介護やリハビリを行うときには、自分たちの手の握り方が非常に大切になってきます。
握り方ひとつで相手に不快に思われるか、心地よいと思われるか、相手との信頼関係が変わる場合もあります。
悪い握り方をすると、痛みの誘発や筋緊張の亢進にもなりかねません。
負担のない心地よい触り方(握り方)
皮膚や血管が弱い高齢者の方をはじめ、患者さんや利用者さんの身体に触れるときには出来るだけ負担のない触り方で接する必要があります。
患者さんや利用者さんの介護やリハビリを行うときに、ついつい握る力が入ってしまうことがあり、そうなってしまうと腕や足などに内出血や剥離などをする事故になりかねません。
患者さんや利用者さんに負担のない心地よい触り方として、今回は「虫様筋握り」と「第4・5指握り」についてご紹介していきます。
虫様筋握りとは?
虫様筋握りとは、その名前の通り
虫様筋を意識した握り方です。
・虫様筋とは、
第2〜5指(母指以外の4つの指)のMP関節の屈曲(曲げる)とDIP・PIP関節の伸展(伸ばす)に作用している筋肉です。
・MP関節とは、
中手指節関節(metacarpophalangeal joint)の略語です。
MP関節は指のつけ根の関節です。
・PIP関節とは、
近位指節間関節(proximal interphalangeal joint)の略語です。
PIP関節は指の第2関節です。
・DIP関節とは、
遠位指節間関節(distal interphalangeal joint)の略語です。
DIP関節は指の第1関節です。
虫様筋を作用させると、手が『Γ』の形になります。
そこに母指を前へ出すと、手が『⊂』の形になります。
この『⊂』の形の握り方が虫様筋握りになります。
虫様筋握りのメリットは握ったときに、
- 「点」ではなく「面」で接触する
- 接触範囲が増加する
- 必要以上に力が入り過ぎない
が挙げられます。
広い面で接触することで指の圧が分散され、手全体で握るような感じになり心地よい握り方となります。

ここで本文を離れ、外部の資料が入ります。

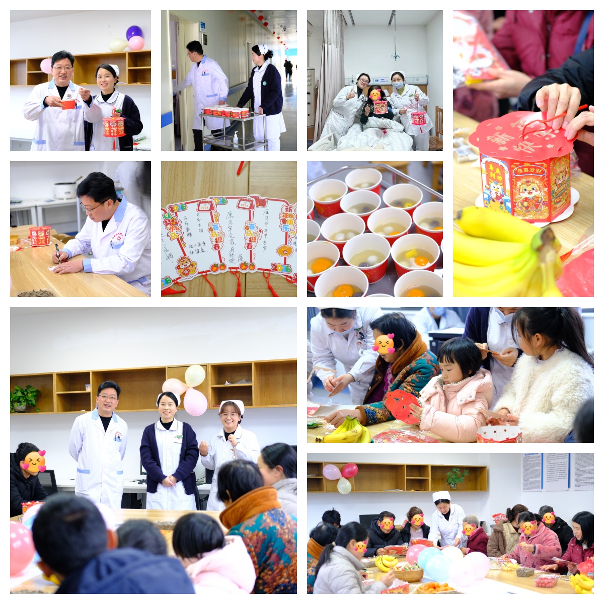 喜庆的标语、金红的气球,平日里忙碌的护士站,这一天成了最暖的“元宵驿站”。护士们端着汤圆穿梭病房,为行动不便的老人细心喂食,为术后患者送上节日问候。一位老患者紧握主任的手,声音哽咽:“住院这么久,以为这个节就这么过去了,没想到你们把团圆端到了我床前。”一碗汤圆,一次陪伴,让病房里的元宵节,也有了家的温度。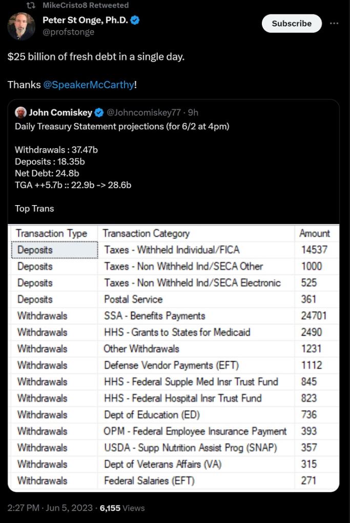 And mere days after the fake debt ceiling fight, US printed up $25B in a single day.
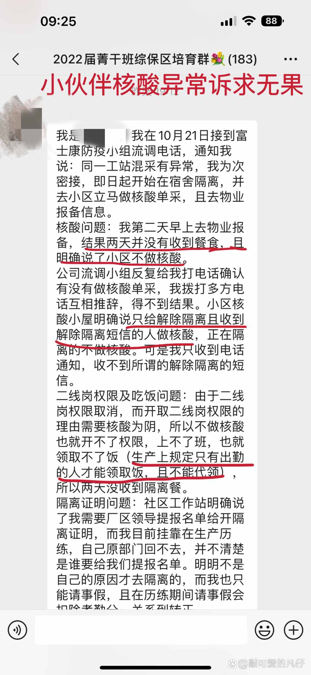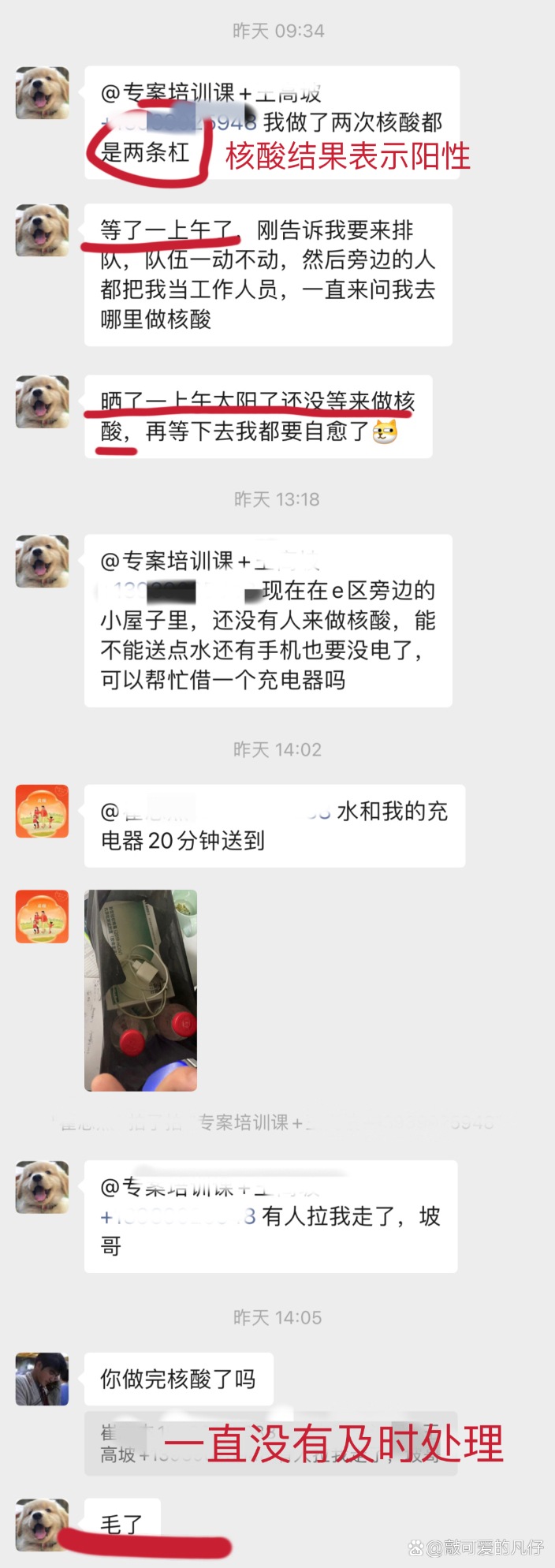 這么拖延和敷衍的處理方式,只會(huì)使事情變得更糟糕,果然,最不想看到的事情還是發(fā)生了,有一名菁干班成員抗原檢測(cè)兩次都為兩道杠。該成員曾經(jīng)在群里反映過(guò)自己的住宿問(wèn)題,無(wú)處可去,也表明自己身體不舒服,但是最后敷衍解決,在一個(gè)男寢打了地鋪。最無(wú)語(yǔ)的是他從上午都說(shuō)自己陽(yáng)性,直至下午都沒(méi)做上單采,到下午很晚的時(shí)候才被人拉走,拉走以后晚上也沒(méi)做上核酸。今天他們同宿舍的也有人抗原檢測(cè)出現(xiàn)了異常,不知道他們?cè)趺刺幚淼模抑恢浪麄兯奚嵊幸粋€(gè)人今晚住在了廠區(qū)倉(cāng)庫(kù)中。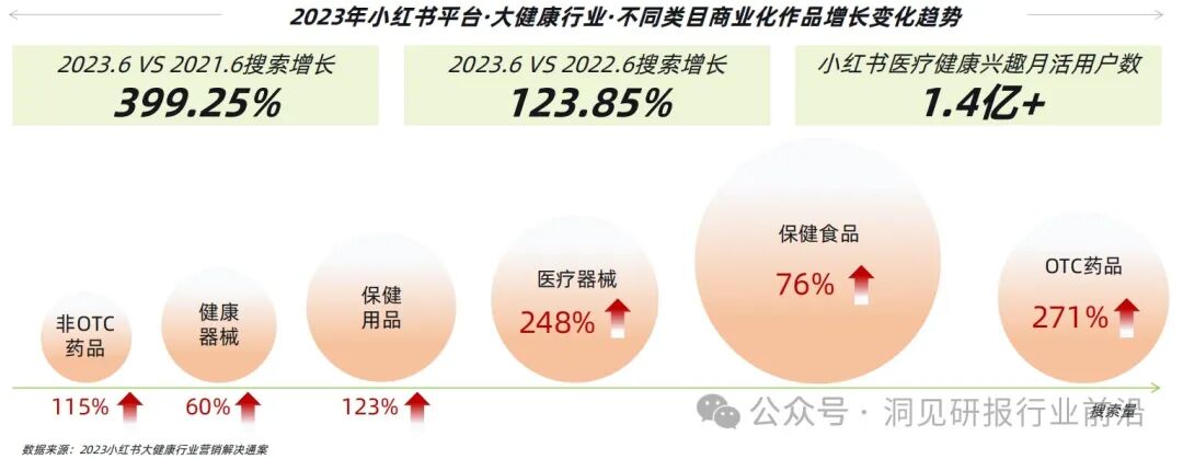 大健康行业旗下热门类目商业化进入增长的快车道,OTC&医疗器械赛道搜索量同比去年同期增长了2倍多;保健食品成大健康行业的主引擎,赛道入局品牌数量激增,推动行业良性竞争。

『⊂』ではなく『C』の形であれば、「面」ではなく指の先端の「点」での接触になりやすく部分的に圧がかかりやすくなっしまいます。
第4・5指握りとは?
人間の手の握る力は、普通に握れば母指・第2指(人差し指)・第3指(中指)の3本の指の力が発揮しやすいです。
そのため5本の指で握っていても、無意識に母指・第2指・第3指からの圧力が加わりやすくなってしまいます。

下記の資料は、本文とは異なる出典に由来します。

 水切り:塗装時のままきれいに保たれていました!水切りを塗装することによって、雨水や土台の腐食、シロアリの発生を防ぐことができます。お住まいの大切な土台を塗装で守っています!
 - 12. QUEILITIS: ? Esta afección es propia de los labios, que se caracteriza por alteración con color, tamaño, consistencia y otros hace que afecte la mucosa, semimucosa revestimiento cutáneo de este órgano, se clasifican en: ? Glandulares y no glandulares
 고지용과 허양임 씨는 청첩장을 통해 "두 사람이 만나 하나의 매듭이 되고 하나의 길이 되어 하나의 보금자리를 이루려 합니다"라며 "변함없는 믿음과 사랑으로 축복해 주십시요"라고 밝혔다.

2本の指で握られるよりも3本、3本よりも4本、4本よりも5本の指で握られるほうが「面」で押されてる感覚があり心地よいです。
そのため、5本の指からの圧力を出来る限り均等にします。
方法としては、「第4・第5指に意識して力を入れて握る」です。
握る力の9割くらいを第4・第5指の2本の指に意識して、残りの1割くらいを母指・第2指・第3指の3本の指に力を入れて握ることで圧力が均等になりやすいです。
おわりに
介護やリハビリをするうえで、患者さんや利用者さんへの触り方(握り方)はとても大事なことです。
今回ご紹介した「虫様筋握り」と「第4・5指握り」の2つの方法を合わせて行うことで、より負担のない心地よい握り方となります。
しかしこれらの握り方は簡単なようで意外に難しく、慣れるまでは大変です。
まずは健常者同士で、「握られた感覚を相手に伝える(伝えてもらう)」という体験をすることが大切です。